The study reviewed page access numbers, sales and average conversion rate for a period of three months - one benchmark month in which no products were tagged, and two months after tagging the products. In order to get an accurate picture, only the that consistently appeared among the top 1000 viewed products in each month of the study have been taken into account. Untagged products that appeared in the top 1,000 most viewed products throughout the test period served as a control group. The test period began in December 2019 and ended in February 2020. 


Page views

Total page views

The page access totals show an interesting phenomena: in January, both tagged and untagged products experienced a decline in page access, which may be attributed to seasonal decline in overall traffic in the website.

However, in February, while untagged products continued their decline in page access numbers, tagged products exhibited a significant recovery, and their page access numbers surged significantly, emphasizing the added resilience of tagged products in times of reduced traffic.   


Total sales

The test results for total number of sales again demonstrate the performance superiority of tagged products. The reduced website traffic during the test period significantly hurt the sales of untagged products, but it did not affect tagged products negatively. Actually, the results show that even with reduced traffic, tagged products experienced a consistent increase in sales through the test period, and most notably - sales almost doubled for tagged products  in February. 

Conversion to sale

Conversion to sale

In this category, Lisuto examined the changes in the average conversion rate of both tagged and untagged products. The results for this category once more show the resilience of tagged products from a different angle.  

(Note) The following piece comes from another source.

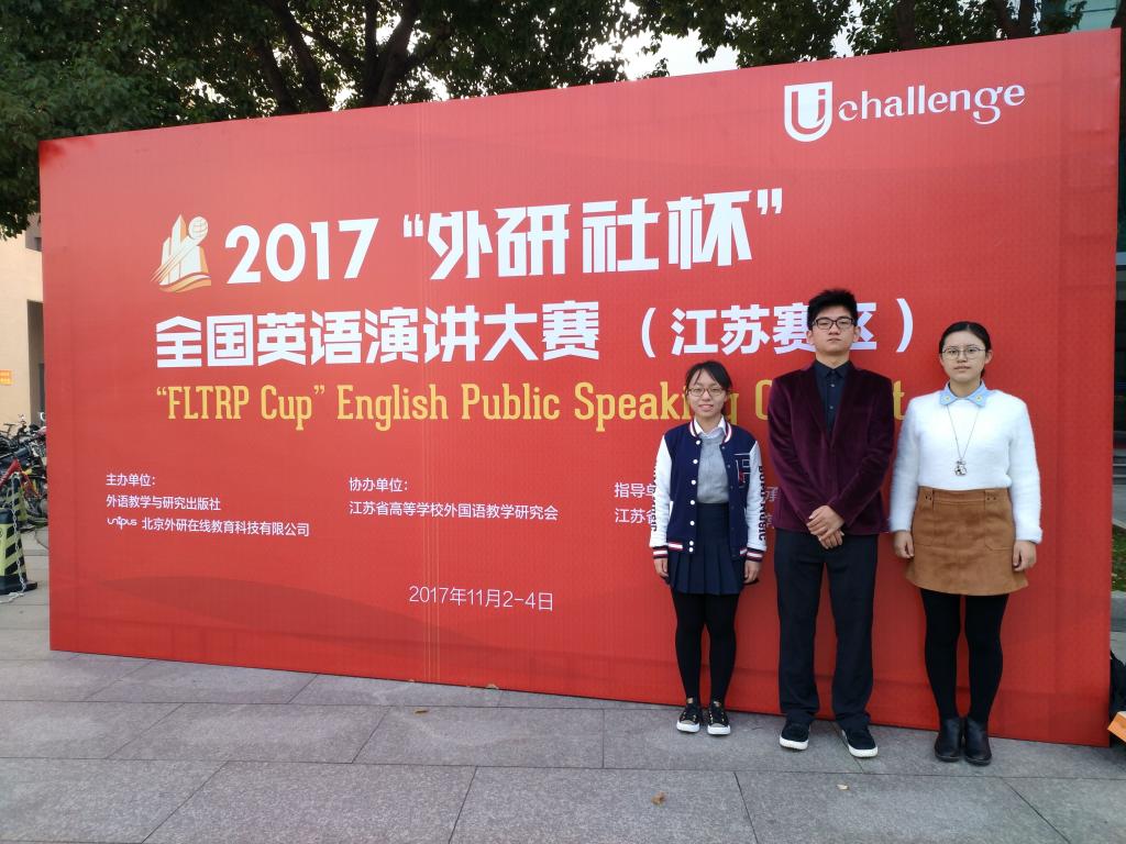 15级项梦琦以及17级荀子杰三位,指导教师为严敏芬教授和钱薇薇老师,龚晓斌院长受邀担任了决赛阶段的评委工作。2017年定题演讲题目“China, A Global View”,选题理念紧跟国家发展,格局视野更创新高,启发选手思考“中国的世界观”与“世界的中国观”,为选手提供了广泛的思考与展示的空间。即兴演讲话题多样,现场问答精彩不断,考察选手的临场应变能力与平日学习积累。最终,我校沈思佳同学获得三等奖,项梦琦和荀子杰获得优胜奖。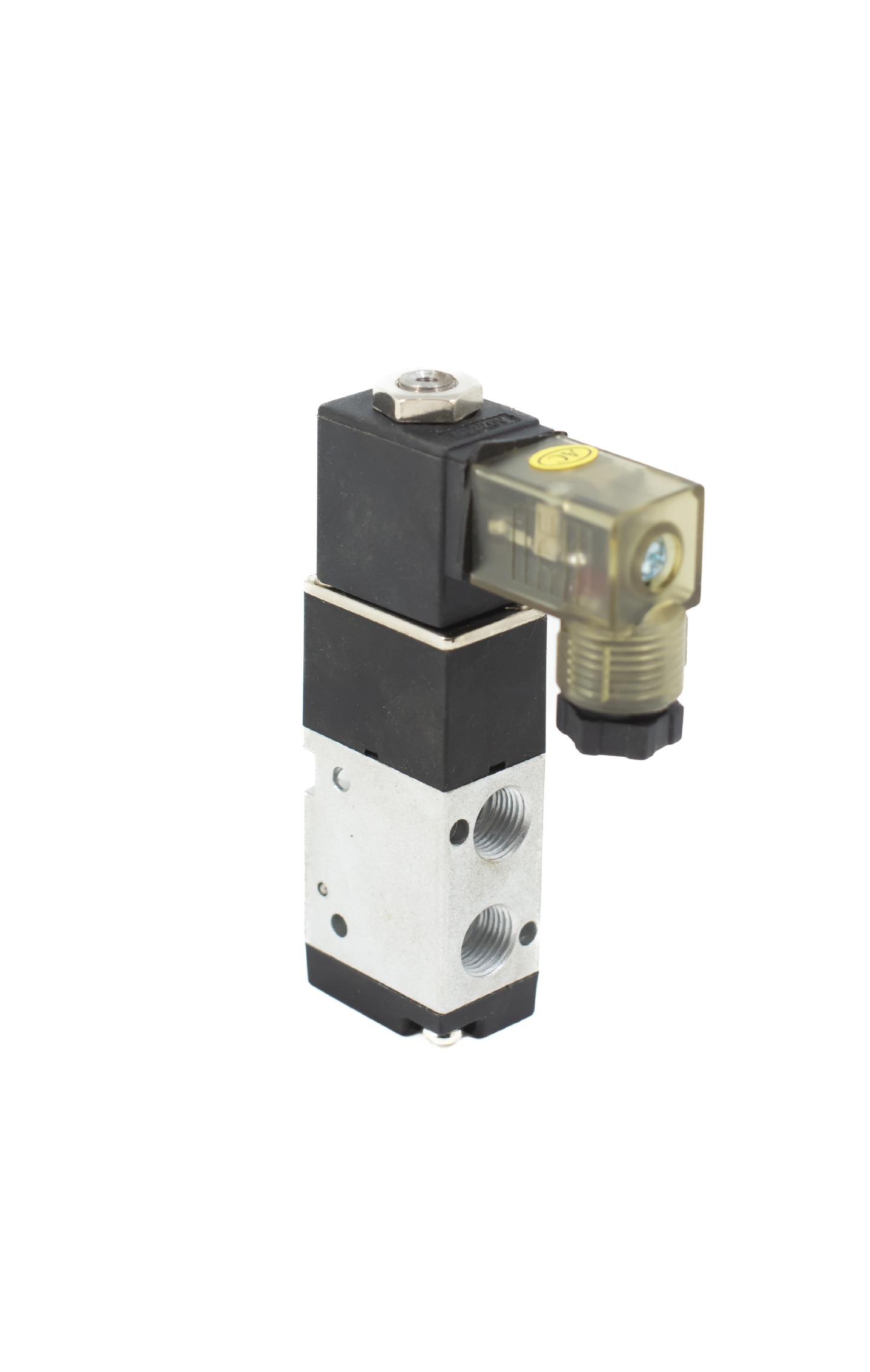 Válvula solenóide 3/2 vias com conexão 1/8" e bobina 220 VCA, indicada para controle de pequenos atuadores pneumáticos, oferecendo acionamento rápido, baixa perda de carga e operação confiável.Produto

As the table indicates, in January, while untagged products' average conversion rate plummeted sharply, the average conversion rate of tagged products not only didn’t drop, but actually experienced an uplift.

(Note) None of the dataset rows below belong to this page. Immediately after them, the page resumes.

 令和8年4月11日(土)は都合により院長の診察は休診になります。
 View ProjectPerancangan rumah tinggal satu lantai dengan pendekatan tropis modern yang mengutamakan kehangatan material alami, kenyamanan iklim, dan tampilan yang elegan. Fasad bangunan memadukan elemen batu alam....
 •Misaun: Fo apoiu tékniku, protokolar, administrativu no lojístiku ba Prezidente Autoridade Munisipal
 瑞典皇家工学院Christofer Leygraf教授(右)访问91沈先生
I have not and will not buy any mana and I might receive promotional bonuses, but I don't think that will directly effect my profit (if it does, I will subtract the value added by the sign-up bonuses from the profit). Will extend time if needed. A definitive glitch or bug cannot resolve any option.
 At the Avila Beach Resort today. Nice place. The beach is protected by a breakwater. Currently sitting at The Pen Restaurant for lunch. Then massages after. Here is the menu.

The website traffic remained relatively low in February, but again tagged products clearly outperformed untagged products in average conversion rate. Indeed, both types of products decrease in average conversion rates, but the tagged products’ decrease was significantly less substantial than that of the untagged products.


This case study solidifies the assertion that tagging has a significant positive impact on products, in terms in all performance parameters that were examined. As shown above, tagged products have consistently experienced increases in exposure on the website, generated much more in sales, and demonstrated much better average conversion rates. The case study also demonstrated that tagged products are much more resilient during months of reduced website traffic, compared to untagged products, which experienced sharp declines in all categories.

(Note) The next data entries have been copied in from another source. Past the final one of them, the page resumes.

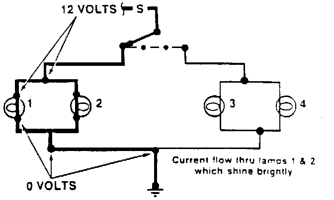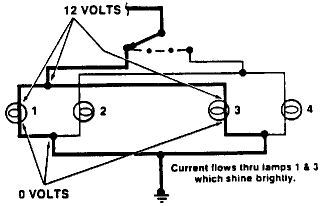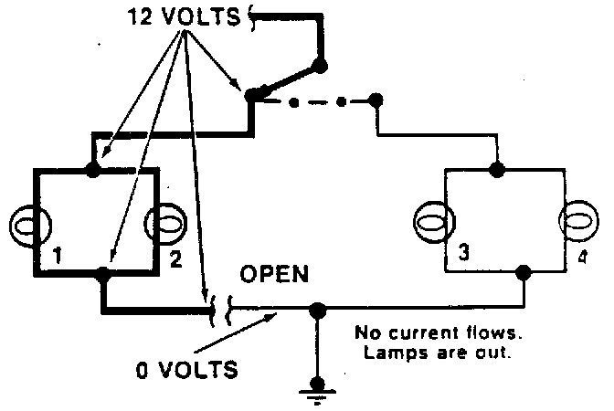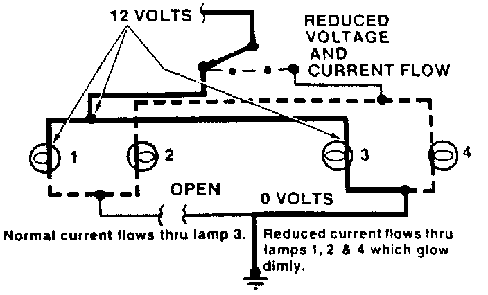 However, when an open occurs in the ground side of the powered branch, an alternate path to ground exists through lamps "Two" and "Four" Lamps "One," "Two," and "Four" then are in series, and all are in parallel with lamp "Three" The higher resistance in the series branch of the circuit will cause lamps "One," "Two" and "Four" to glow dimly, while lamp "Three," having less resistance, will glow brightly. The voltage reading will be Twelve Volts at both lamp "One" and "Three." In diagnosing for opens, therefore, it is helpful to study the wiring diagram for common points in the circuit and to look for alternate current paths.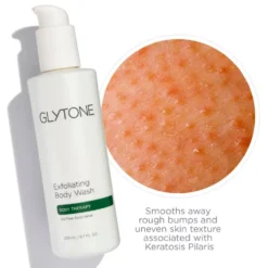 Daily body wash helps erase rough bumps and uneven skin texture to reveal smoother, glowing skin. Leveraging 8.8% Free Acid Value Glycolic Acid to deeply cleanse, exfoliate dull, dead skin cells and resurface skin.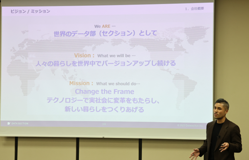データ分析の専門家として、テクノロジーで実社会に変革をもたらし、新しいくらしを創り上げる、というビジョンで創業し、技術×グローバルというキーワードで事業を展開しています。日本企業は国内市場を獲得し次にグローバル進出を検討することが多い一方、韓国や東南アジアの企業は、初年度に自国でサービスを立ち上げ、翌年度にはグローバル市場に進出する会社が多い。当社は、日本企業の技術力には、グローバルに展開できるポテンシャルがあると考え、日本の技術力のグローバル展開の推進を支援しています。

Tagging increases the product’s exposure because it enables it to come up in narrow and refined searches and navigation. Since tagging increases exposure, it follows that increased exposure would contribute to increased page access numbers and sales.

In addition, the reason for tagging’s positive impact on the average conversion rate is pre-qualification. When customers know exactly what they wish to buy, they will most often use the navigation refinements to narrow the search results in order to find it. Tagging in effect guarantees that your products appear in such refined searches, and when you give your customers exactly what they are looking for, it drives the conversion rate up in comparison to untagged products, which usually disappear in refined searches.

This case study proves that tagging definitely gives your online store an advantage. By tagging, sellers may significantly increase their products’ exposure, which in turn helps drive up page access numbers, sales and average conversion rate.